More queues of thousands: up to the enormous cooking pots on a table under an awning. Under the Cook’s cornucopia banner, his assistants were doling out tremendous quantities of bean stew to whoever was well enough to take it. Soldiers were waiting in line holding their bowls.
As I passed them, Tre Cloud darted out. ‘The Swordsman’s lost his leg!’ he cried. ‘Featherback lancers just carried him in.’
‘Is he conscious?’
‘I’d say. He’s bawling blue filth.’
I set off sprinting to the hospital. I could hear the screaming from a street away. I skirted round wounded men laid side by side on stretchers in the street against its wall, and entered onto a floor slick with red. Gore was spattered up the walls to above head height. Doctors were concentrating on their immediate patients and yelling for assistance, dressings, fresh water. Nurses carrying pitchers or bandage rolls shouldered past each other, dashing through the maze of beds.
All around me men were lying, moaning, crying. One reached out and grabbed my belt. I looked down at him, and as I did so, he died.

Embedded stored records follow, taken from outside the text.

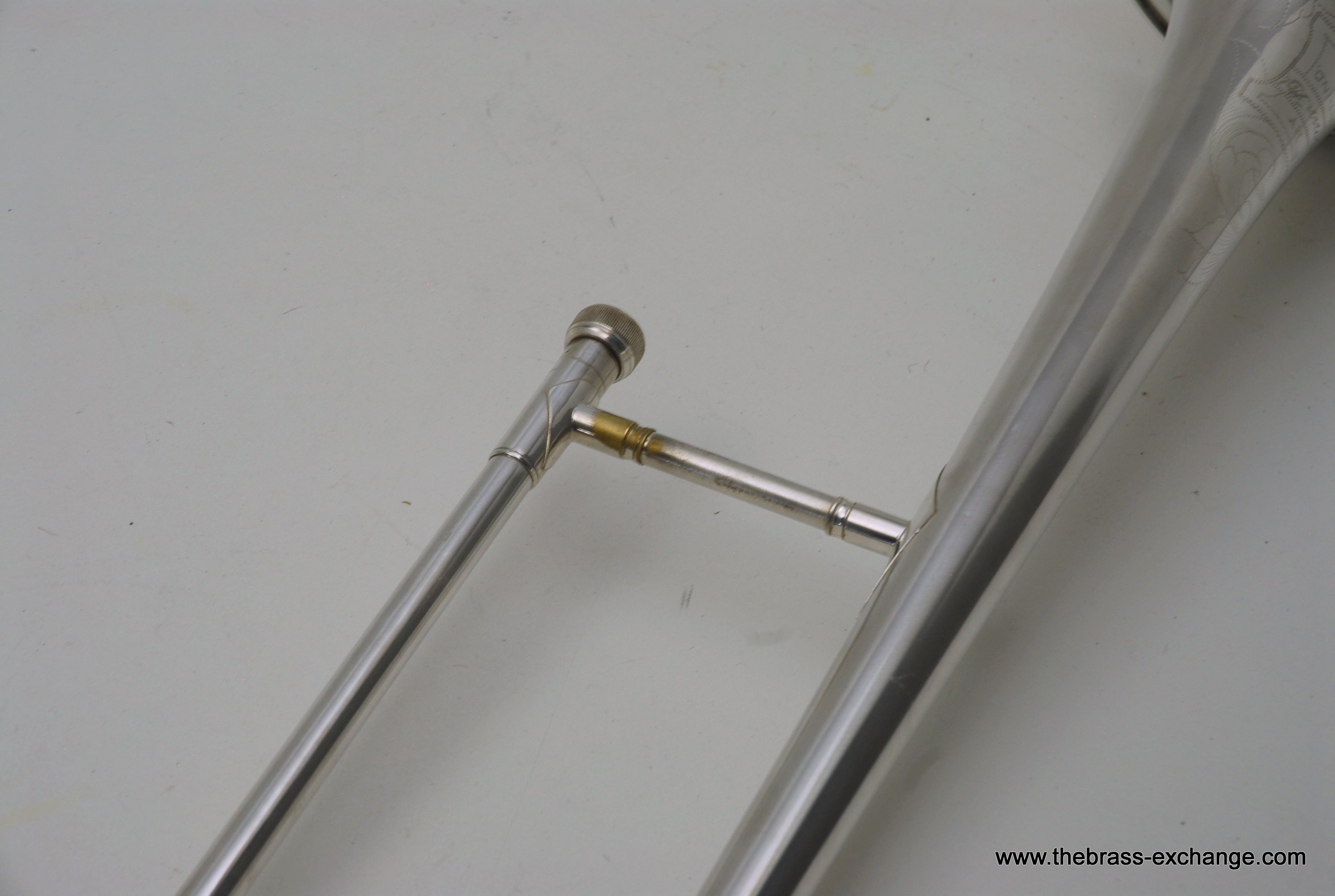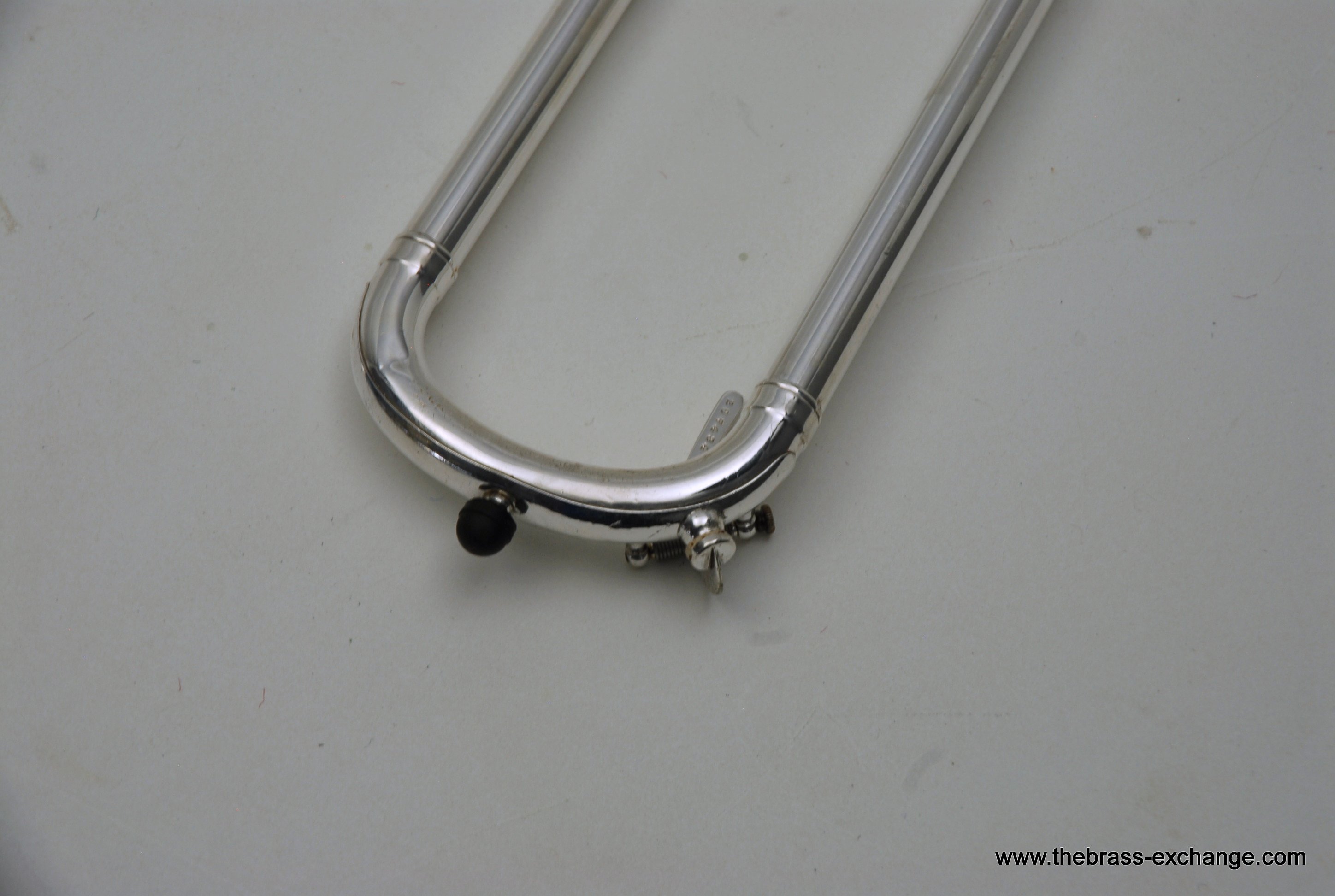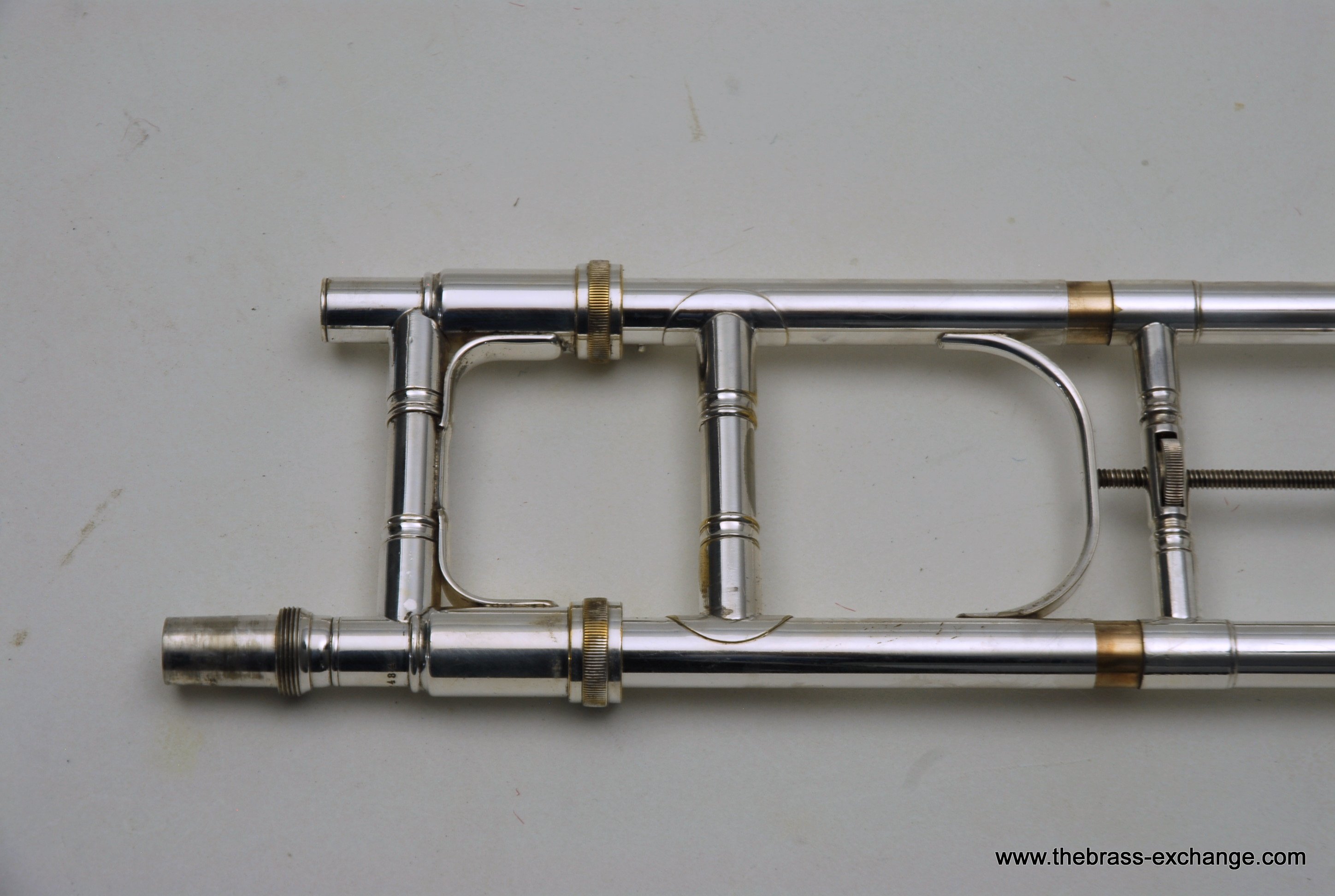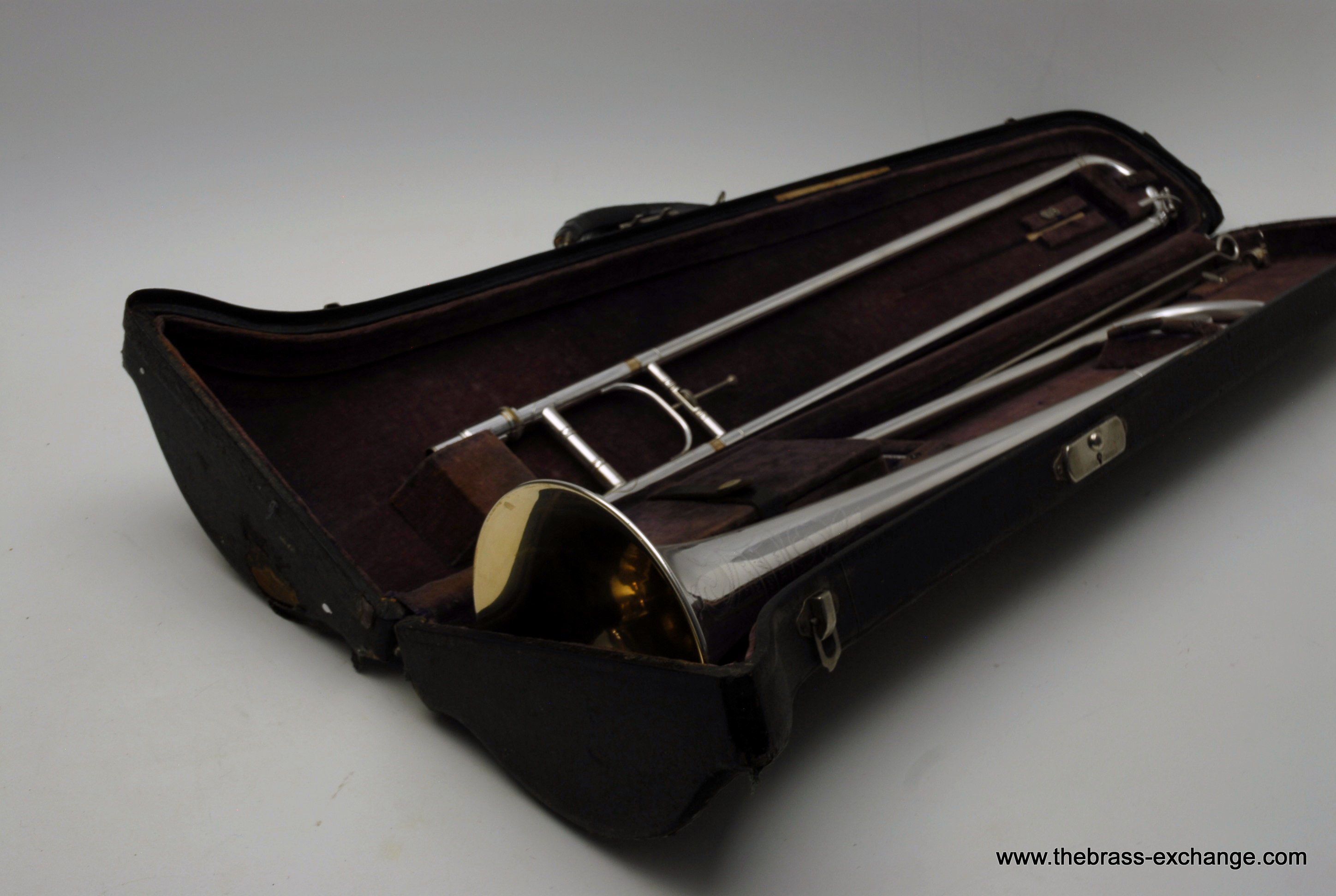 The finish is original glass bead silver plating with a beautiful gold wash inner bell. It has received a full service in our shop, including a complete chemical cleaning and inspection. The overall condition is super mint, nearly showroom quality despite its age. The handslide is perfectly straight, free of defects, and operates with exceptional response. There is only one small area of plating wear on the thumb grip of the cross brace – a minor cosmetic note that does not affect performance.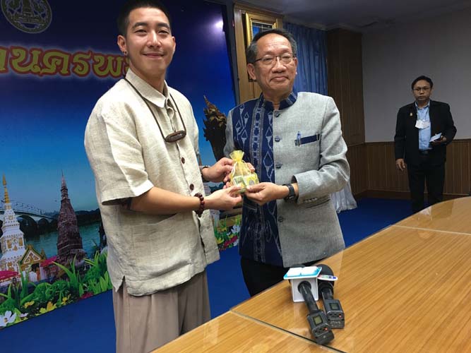 ในโอกาสนี้ นายชาญชัย คงทัน รองผู้ว่าราชการจังหวัดนครพนม ได้มอบเหรียญองค์พญาศรีสัตตนาคราช แลนด์มาร์คพญานาคศักดิ์สิทธิ์ ริมฝั่งแม่น้ำโขง เพื่อเป็นสิริมงคล และเป็นขวัญกำลังใจกับพระเอกหนุ่มโตโน่ ตามความเชื่อศรัทธาของชาวนครพนม เชื่อว่าจะแคล้วคลาดปลอดภัย และทำให้กิจกรรมลุล่วงไปด้วยดี อีกทั้งได้โอนเงินบริจาคส่วนตัว เป็นเงินจำนวน 999 บาทสนับสนุนเข้ากองทุน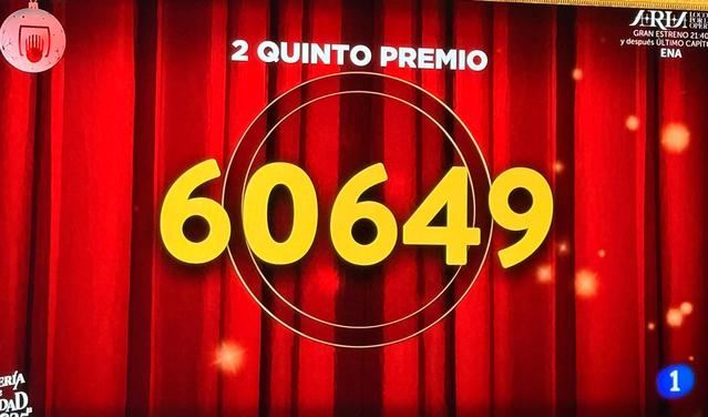El número 60.649 ha sido agraciado con el segundo quinto premio del Sorteo Extraordinario de la Lotería de Navidad 2025, celebrado este lunes 22 de diciembre en el Teatro Real de Madrid.

I slipped on blood, distracted by the tremendous variety of injuries. There were lots of empty eye sockets, or men with bandages over their eyes, because larvae had pulled their eyes out. There were plenty of men with cloth wrapped around bloody stumps; adult Insects had lopped off arms and legs. There were wounds to the throat, to the groin, to joints that were less protected by plate. Along the walls slumped hundreds of men with extreme exhaustion and dehydration-every one being given litres and litres of salty water. One porter with a mop was ineffectually stirring the pools of glutinous blood on the flagstones. It reflected the camp beds along the wall.
Lying in a corner there was a man whose face had been chewed down to the bone on his forehead and cheeks-I could see into his mouth. And in another corner-something so terrible I quickly blotted it from memory.
I saw Wrenn-lying by the wall, on a stretcher bed extending towards the middle of the room. Three lancers in plate were holding him down, one on his either shoulder and one on his leg. His other leg was nothing but a bleeding stump, bitten off below the knee. He was kicking it in the air and drops of blood were spattering on the soldiers. He was yelling, his mouth a black oval, his cheeks stretched and eyes slitted. Where his shin should be, I saw the white ends of neatly severed bone.
They had stripped him down to his padded gambeson but he still had armour on his uninjured leg. He was covered in many smaller excruciating wounds, bleeding heavily through tears in the jacket. Most of them were deep punctures, where larvae’s fangs had slid in like curved smooth thorns, but they were nothing compared to what had happened to his leg.
Rayne was resuscitating a man with a crunchy broken jaw and a mushy nose. She left him to her assistant and dashed over, leaving sticky footprints.
She gave Wrenn an injection into the crook of his arm, pressed a cotton pad on the place, withdrew the needle. She quickly dropped some clear liquid on a white tile, and mixed it with a drop of blood pricked from one of the three soldiers who looked most like him. The mixture did not go grainy but stayed smooth, so she patted the windowsill for the lad to sit up there, and she rigged up a waxed cotton tube that would transfer blood down from his arm into Wrenn’s.
Wrenn was yelling all the time. ‘No! Put me back on the field! Leave me there! I want to be left! Bitch!’
She grasped his hand and he tried to fend her off, but he calmed a little as the scolopendium took effect. ‘Leave me! I can’t be Eszai any more! Let me die!’